Deregulation of salad ingredients will allow producers to license innovation and give customers more choice
The U.S. Food and Drug Administration has loosened its controls on the making of French dressings, revoking “identity standards” for salad ingredients. The request comes decades after the industry first called for the standard to be abandoned.
On Thursday, the U.S. Food and Drug Administration (FDA) threw out of date “Identity Standards” French dressing presents an opportunity for manufacturers to innovate and create new variations on popular American salad toppings.
FDA determines “French dress code no longer promotes honest and fair dealing in the interests of consumers” And deregulation of its production would be in line with other condiments that are not standardized.
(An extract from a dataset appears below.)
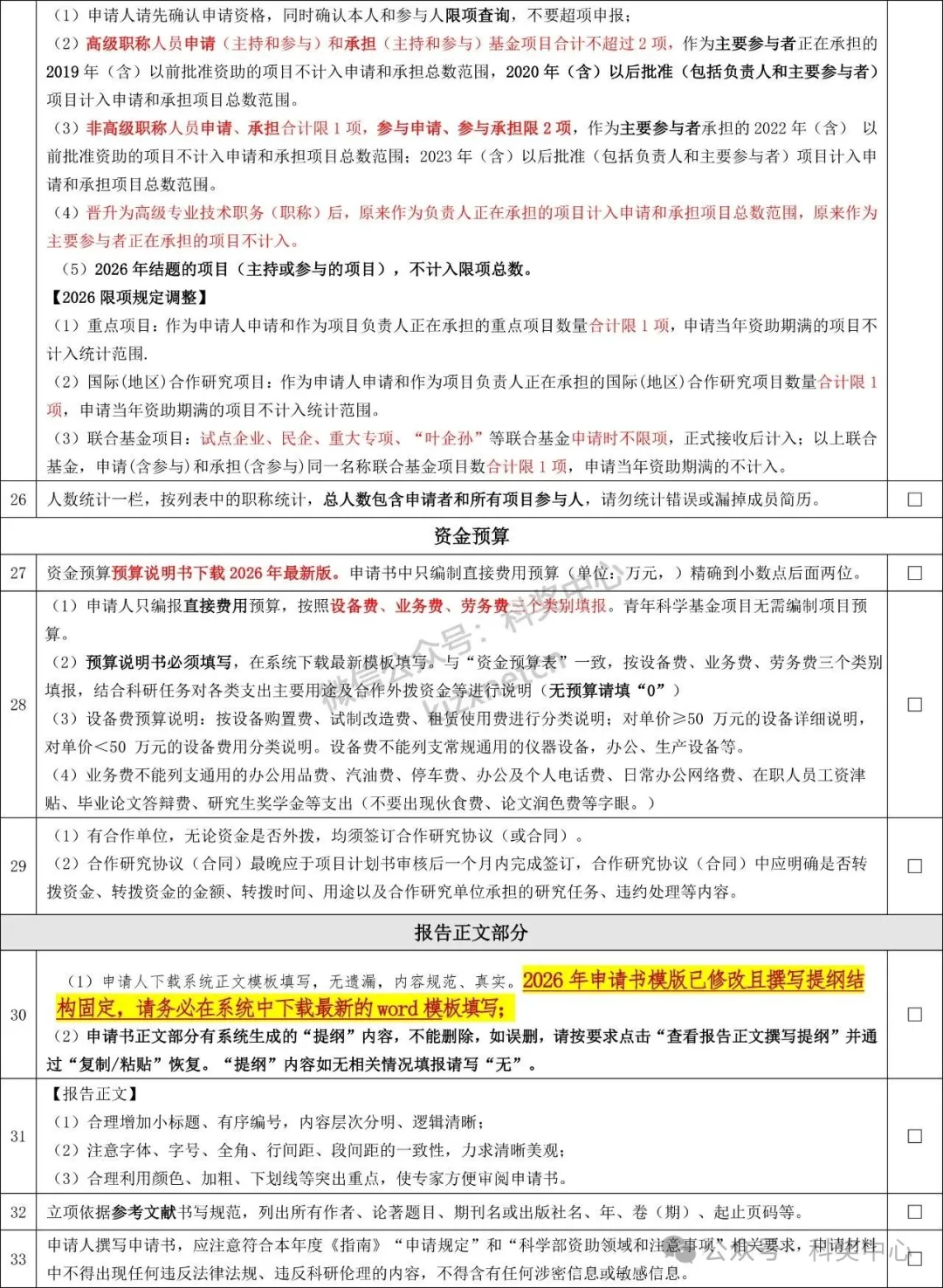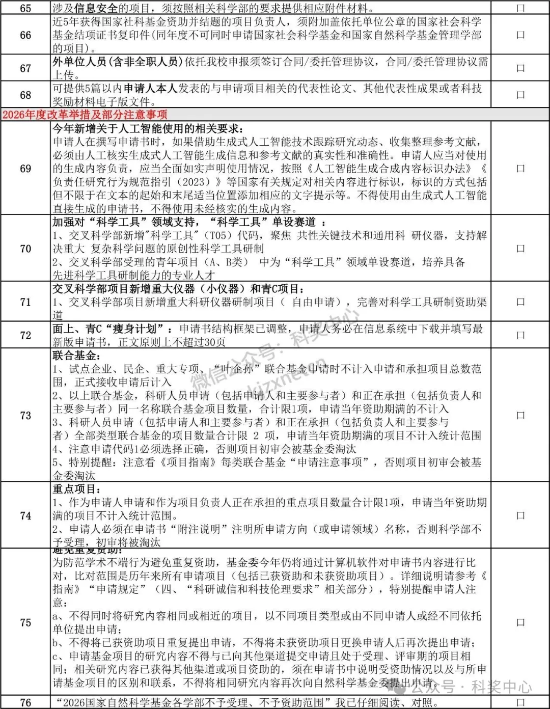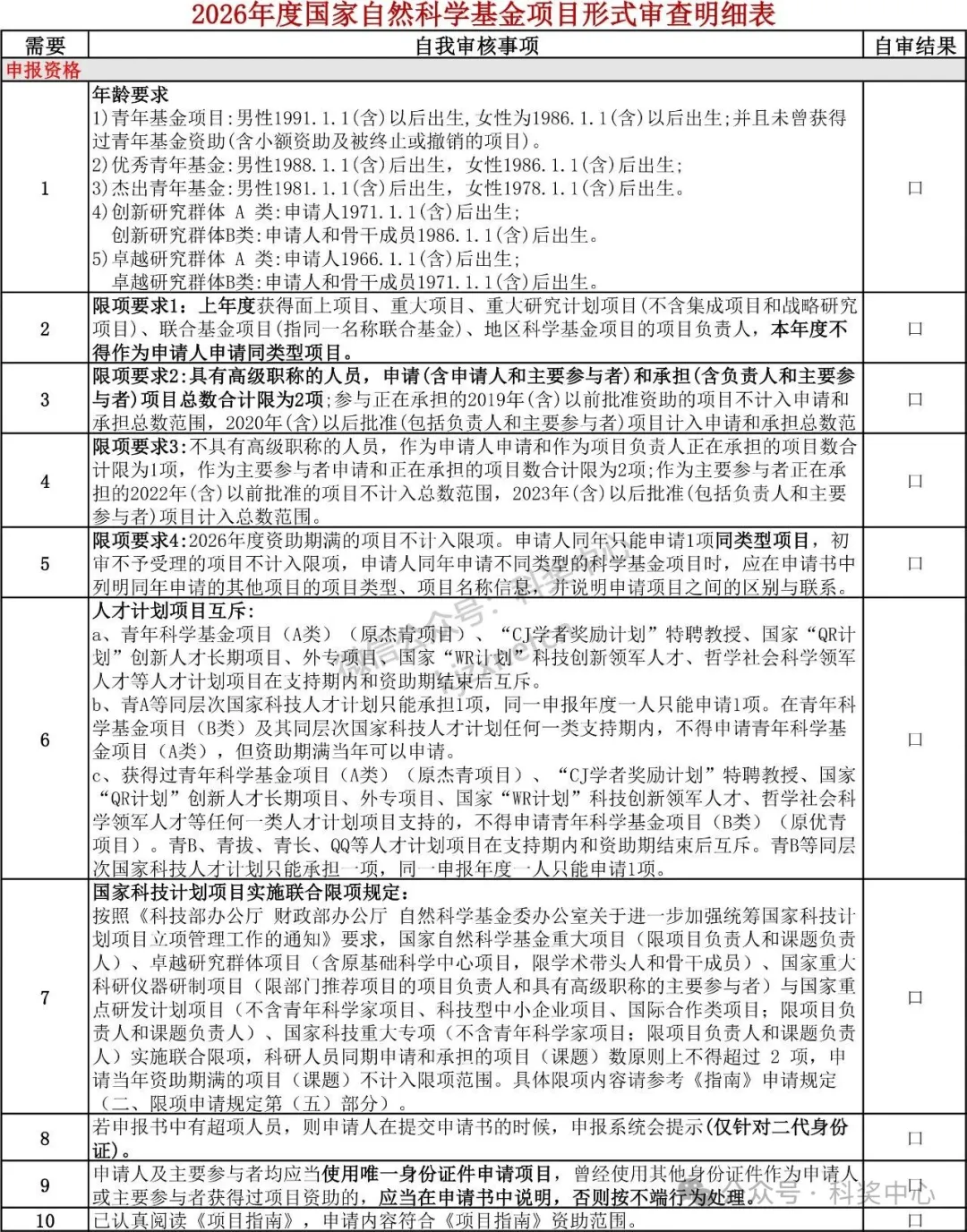 科奖中心从多所高校下载整理了两份2026年度国家自然科学基金项目形式审查自查表,请申请人自行下载打印自查。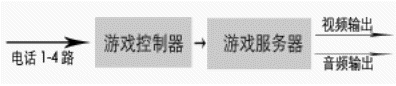 由于許多地區(qū),尤其是縣級(jí)市沒(méi)有信息平臺(tái),而且許多電視臺(tái)愿與電話局直接合作。在這種情況下,電話局和電視臺(tái)合作對(duì)有線用戶公布 特服號(hào)碼,如123456,參與互動(dòng)游戲的用戶,統(tǒng)一撥打該號(hào)碼,電話局提供四條用戶線給互動(dòng)游戲系統(tǒng),同時(shí)對(duì)撥打123456的用戶都轉(zhuǎn)到這四條用戶線來(lái),從而接入到互動(dòng)游戲系統(tǒng),由系統(tǒng)給出語(yǔ)音提示引導(dǎo)用戶參與比賽。由于系統(tǒng)最多允許四個(gè)人參與比賽,當(dāng)用戶滿時(shí),撥打游戲熱線的用戶

72 years old “Identity Standards” Specifies what ingredients must be in a sauce to be marketed as a French dressing. Historically, sauces have included tomatoes, oil, vinegar and other seasonings.
The FDA also noted that certain French dressings did not meet the old standards, such as “Fat Free” version, but said customers were not fooled by the manufacturer’s variant. “In contrast, these varieties appear to be adaptable to customer preferences and dietary restrictions.”
The original rules for salad dressing production were introduced in the 1950s, when supermarket shoppers didn’t have much choice.
For decades, the Dressing and Dressing Society (ADS) has argued that so many other types of salad dressings are on the market because of a lack of regulation.
Thursday’s ruling follows ADS’ application to the FDA in December 2020. It was originally proposed in 1998.